Anna stava ordinando le sue cose nella borsa: costume, shampoo, asciugamano, sembrava stranamente tranquilla.
Da quando Elsa aveva fatto ritorno Anna sembrava vivere su una barca a vela con il vento sempre a favore.
Cucinavano insieme, sbrigavano le commissioni, andavano in giro cercando dei lavoretti, erano inseparabili, non lo erano mai state tanto in tutta la loro vita; Anna infatti aveva numerose volte ringraziato il cielo per averle separate, erano stati mesi inevitabilmente duri, ma adesso erano più unite che mai.

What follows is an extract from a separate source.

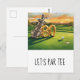 Celebre 80 anos incríveis no green com este convite de cartão-postal de aniversário de 80 anos de "Vamos Par-Tee" de golfe. Com uma bandeira de golfe clássica e bolas de golfe detalhadas em um green de putting iluminado pelo sol, este design elegante de aquarela combina a energia de celebração divertida com o charme atemporal de um clube campestre.
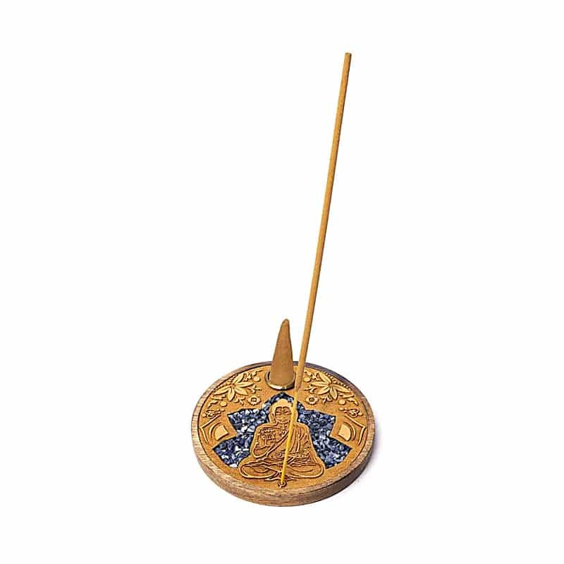 Porte-encens et cônes avec décor de Bouddha, enrichi de pierres de sodalite.

Era domenica, quella mattina Elsa era andata a fare visita a Jack, che non vedeva da molto tempo; nel frattempo Anna e i suoi coinquilini avevano deciso di andare in piscina, tanto per svagarsi un po’.
Con il tempo la tensione tra i ragazzi del teatro si era dissolta, non appena li avevano messi davanti alla prospettiva di vivere insieme.
Un clima amichevole era necessario.
Anna non li riteneva i suoi migliori amici, ma erano dei ragazzi in gamba e dei buoni compagni.
Aveva indossato una camicia larga bianca e un paio di pantaloni leggeri,aveva le sue solite trecce e gli occhiali da sole sulla testa (che poi vanno in piscina, quindi, Anna cosa cetriolo ti porti gli occhiali da sole).
Era una piscina bella grande, con 5 corsie e una piscina più piccola con l’idromassaggio caldo.
Anna si tuffò dal trampolino più alto, sentì l’acqua gelata venirle incontro, pizzicarle il viso.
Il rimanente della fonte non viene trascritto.